Monthly Archives: September 2009
In every family, there are roles that each person plays. Because I am the youngest of three by quite a few years, I slipped easily into the role of “the baby”.
Not much was expected of me as far as chores around the house, not like my sister and brother years before. Some of this was just because of convenience – for example, by the time I was old enough to wash and dry dishes, we had a dishwasher. Some of it was circumstance, as my parents loosened up over the years and chose to take over some of the tasks previously delegated to my siblings. In fact, I was one of those kids who goes off to college and has to learn how to do laundry from their first roommate.
Because I moved a thousand miles away immediately after college graduation, this role of “baby” was perpetuated, even though by then my sister had children who were babies themselves. Every visit home, I continued to evade responsibility. No, you don’t have to do the dishes. No, you don’t have to clean up after yourself. No, we’ll pay for that. I fought it, certainly, though my role was still clearly there. Even as I cooked delicious meals for my husband and cleaned up every dish afterwards here in Colorado, it just didn’t happen back at home.
It has only been recently that I realized that my role has been extended to the emotional sense as well. The deepest problems I face stay with me, I shy away from telling my family good things that happen at work or with my writing, I have a hard problem communicating well at all.
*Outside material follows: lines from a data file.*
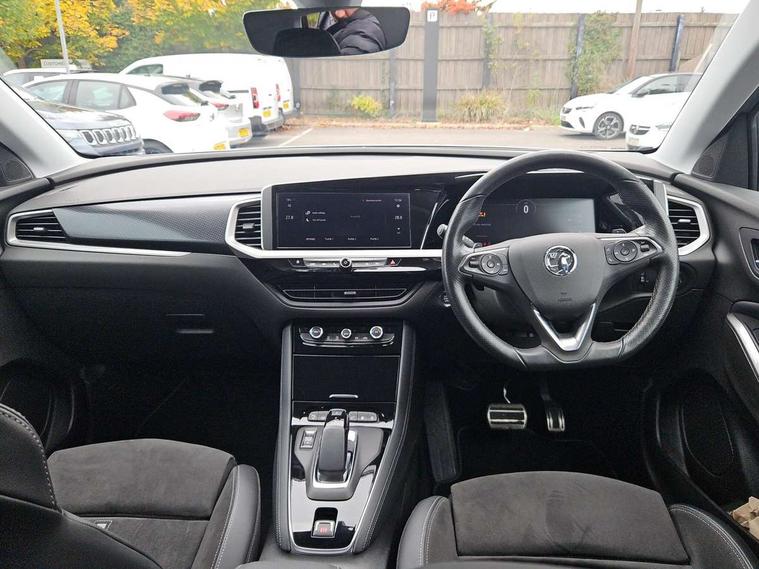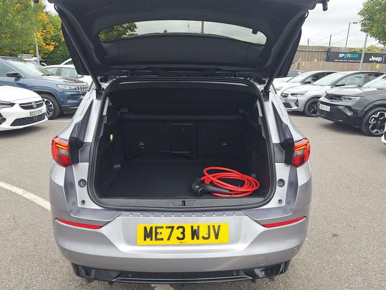 12" colour digital cluster, Central facia display with digital clock, outside air temperature and audio information, Digital fuel gauge with low fuel level warning light, Digital rev counter, Digital speedometer, Digital water temperature gauge with warning light, Drive mode selector, Driver drowsiness alert system, Driver information - Total mileage, service indicator, oil life, EV information display with powerflow, charge, e-save and statistics, Front and rear parking distance sensors with 360 degree rear view camera and advanced park assist, Gearshift up/down indication light, Highway integration assist (Lane positioning assistant and Adaptive cruise control), Lane departure warning system, Lane keep assist, Lights on audible warning, Multi function trip computer - Trip odometer, vehicle range, average speed and fuel economy, instantaneous fuel economy and driving time, Multimedia Pure Panel Navigation System incl 10" colour touchscreen, 12" digital instrument cluster & satellite naviagtion, Power operated tailgate with foot sensor, Side blind spot alert, Speed sensitive electric power assisted steering, Speed sign recognition, Start/stop system, Vauxhall connect including Emergency call (SOS e-call) and Breakdown call (b-call), Wireless charger for mobile devices, Anti-roll bars, Compound crank rear suspension with coil springs and koni FSD (Frequency selective damping) oil filled dampers and revised rear springs, Enhanced handling and powertrain tuning, Independent decoupled MacPherson strut front suspension with koni FSD (Frequency selective damping) oil filled dampers and revised rear springs, Type 2 mode 3 charging cable, Six speaker - four front + two rear, Steering wheel mounted audio/phone/cruise controls, Automatic lighting control, Black door mirrors, Black roof, Black side window trim, Body colour door handles, Body colour lower front and rear bumpers, protective wheel arches and lower door cladding, Body colour upper front bumper, Collapsible windscreen wipers, Dark tinted rear windows, Door to door illumination, Electric adjustable/heated/folding door mirrors, Electrically operated front and rear windows with safety auto reverse and one touch up/down facility, Frameless auto dimming anti dazzle rear view mirror with LED spotlight, Front wiper system spraying directly from wipers, Gloss black protective front skid plate and rear skid plate with 3 fin diffuser, GSe badge on tailgate, Hazard warning lights, Heated rear screen with timed cut off, High beam assist, High gloss black exterior detailing, High gloss black Griffin for Vizor and tailgate with high gloss black Grandland tailgate lettering, High gloss black roof rails, High level centre rear brake light, IntelliLux adaptive LED pixel headlights and LED tail lights, Intermittent rear window wash/wipe, LED daytime running lights, LED front fog lights, Magic wash, Manual headlight beam levelling, Partial heated windscreen, Rain sensor windscreen wipers, Rear side wing doors, Rear spoiler, Reversing light, Shark fin aerial, Soundproof insulated windscreen, Two speed windscreen wipers with variable intermittent wipe, Unique sports style front bumper and rear valence, Upper and lower bumper design, Vizor front grille, Welcome lighting, 12V electrical accessory socket in front, 3 bench rear seats in 2nd row, 3 spoke design heated flat bottom leather covered steering wheel with satin chrome effect bezel, 4 way electric driver lumbar support, 4 way passenger electric lumbar support, 60/40 split folding rear seat with centre rear seat armrest and load though facility, Advanced predictive logic control system using a sun sensor, Alcantara upholstery, Alloy sports pedals, Ambient centre console downlighter, Automatic air direction and fan speed with manual override, Charcoal filter, Chrome effect interior door handles, Covered storage compartment in centre console and in driver armrest, Driver's centre armrest, Drivers and front passengers seat with height, reach, tilt, backrest adjustment and seat cushion extension, Dual zone electronic climate control, Electrical thermal preconditioner, Ergonomic active driver and front passenger GSe sports style seats, Front door pockets with 2.6 litre capacity, Front seat back storage pockets, Fully carpeted luggage area, Heated front seats, Height adjustable headrests, Illuminated driver/passenger sunvisors with vanity mirror, Illuminated luggage area, ISOFIX on front passenger and rear outer seats, Luggage compartment cover, Reach + rake adjustable steering column, Rear centre seat head restraint, Rear door pockets with 1.8 litre capacity, Rear passenger compartment heating ducts, Rear reading lights, Rear restraining net, Steering wheel heating, Two drinks holders in centre console, Anti-lock braking system (ABS), Automatic emergency braking with pedestrian detection, Child proof locks on rear doors, CSC - Cornering stability control, Deactivation switch for front passenger front and side impact airbags, Deflation detection system, Driver airbag, Dual seatbelt pretensioners on front seats, EBD - Electronic brakeforce distribution, Electronic parking brake, Electronic stability program (ESP) including traction control, Forward collision alert, Front brake ventilated disc 304mm diameter, Front passenger airbag, Front seat side impact airbags, Full-size curtain airbags for driver and front passenger, Hill start assist, Hydraulic Brake Assist (HBA), Inertia reel lap and diagonal seatbelts for all seats, Load limiters on outer rear seatbelt retractors, Pretensioners on outer rear seatbelt retractors, Rear brake ventilated disc 268mm diameter, Smart seatbelt reminder for front and rear seats, Tyre pressure monitoring system, Central locking, Deadlocking system, Electronically protected audio equipment, Engine deadlock immobiliser, Keyless entry and start, Locking wheel nuts, Remote security alarm system, Black door panels with black premium leather effect inserts, Dax decor facia panel with pal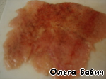 Куриную грудку отбить, посолить, добавить специи, автор предлагает добавить майоран (у меня такого нет)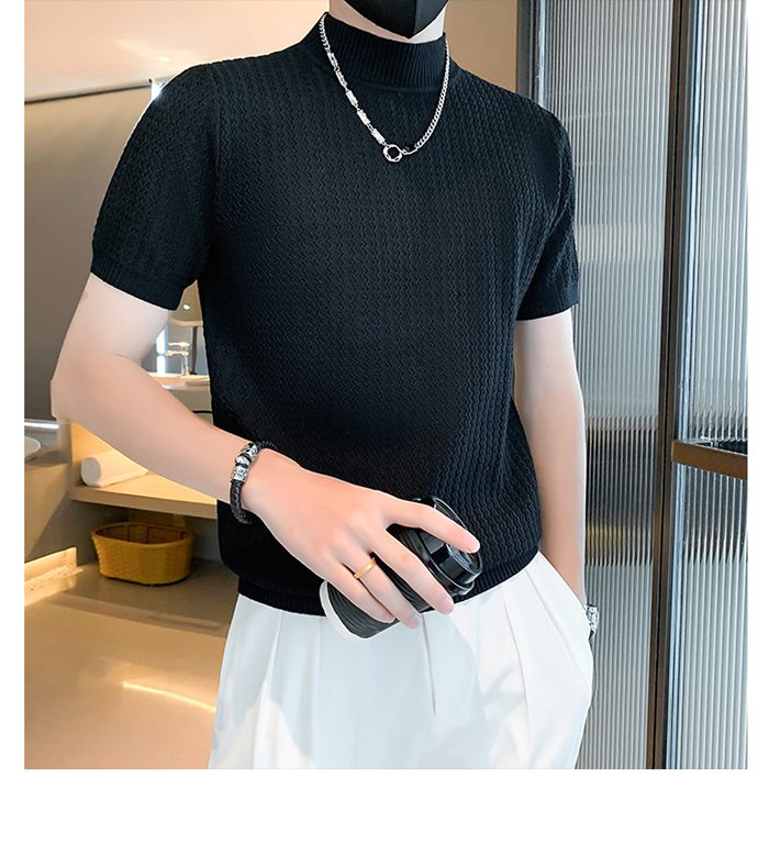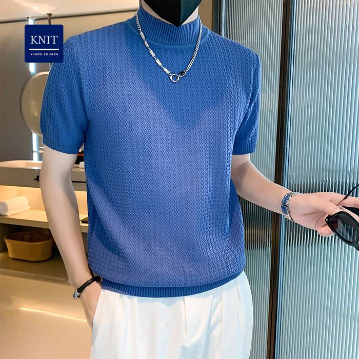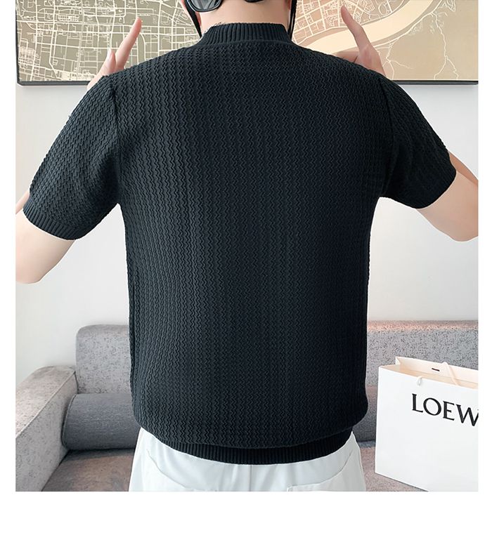 サマーニット メンズ 半袖 モックネック 配色 無地 薄手 トップス デザインメンズファッション トップス Tシャツ カットソー

I blame it on being too busy or being too far away, which is sometimes true. I just don’t expect much because I feel like I had enough in the past. Like I don’t deserve help or praise or a phone call if I don’t cook or clean or pay for something while I’m there. And it creates fear that when my family needs me, I could never be as good as they have been to me my entire life.
It is clearly messed up thinking, some of the type that hurts me most when it comes to anxiety and depression. Current situations dictate that it needs to change, once and for all. It’s a big step, moving away from this role, but now there are four in the generation behind me and my siblings. It’s beyond time.
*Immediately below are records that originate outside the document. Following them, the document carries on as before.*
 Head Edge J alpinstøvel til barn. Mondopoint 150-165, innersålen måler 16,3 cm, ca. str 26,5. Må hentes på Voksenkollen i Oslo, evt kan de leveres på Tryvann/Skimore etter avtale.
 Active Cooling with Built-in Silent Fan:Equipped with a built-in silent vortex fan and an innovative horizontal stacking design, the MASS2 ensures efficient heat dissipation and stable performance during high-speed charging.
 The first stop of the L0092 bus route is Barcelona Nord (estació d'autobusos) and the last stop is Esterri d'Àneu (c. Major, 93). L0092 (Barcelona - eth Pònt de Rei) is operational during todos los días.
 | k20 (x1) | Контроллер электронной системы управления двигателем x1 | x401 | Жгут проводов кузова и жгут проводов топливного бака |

This statue sits somewhere in Newport, Rhode Island. Photo was taken in May 2005, as we drove all over New England in the course of two weeks.
This is how I feel lately. Jumping into the water without a care in the world, finding the real me somewhere beneath all the anxiety and depression.
Together with my psychiatrist, I discovered that while I had come close to this sense of self during therapy in 2003, I hadn’t quite gotten there yet when I got sick.
When I got sick, so incredibly fatigued and worn out and out of whack from undiagnosed hypothyroidism and probable type 2 diabetes.
Now that my physical health is under control, it’s time to go back and look at the mental health. Find the real me. I’m close. I know I must be close.
I’m not good at endings.
Abrupt and quick, like pulling a band-aid off a healing wound. That’s how I’ve ended friendships and quit jobs and “fired” doctors. It’s easier that way, I tell myself, no looking back.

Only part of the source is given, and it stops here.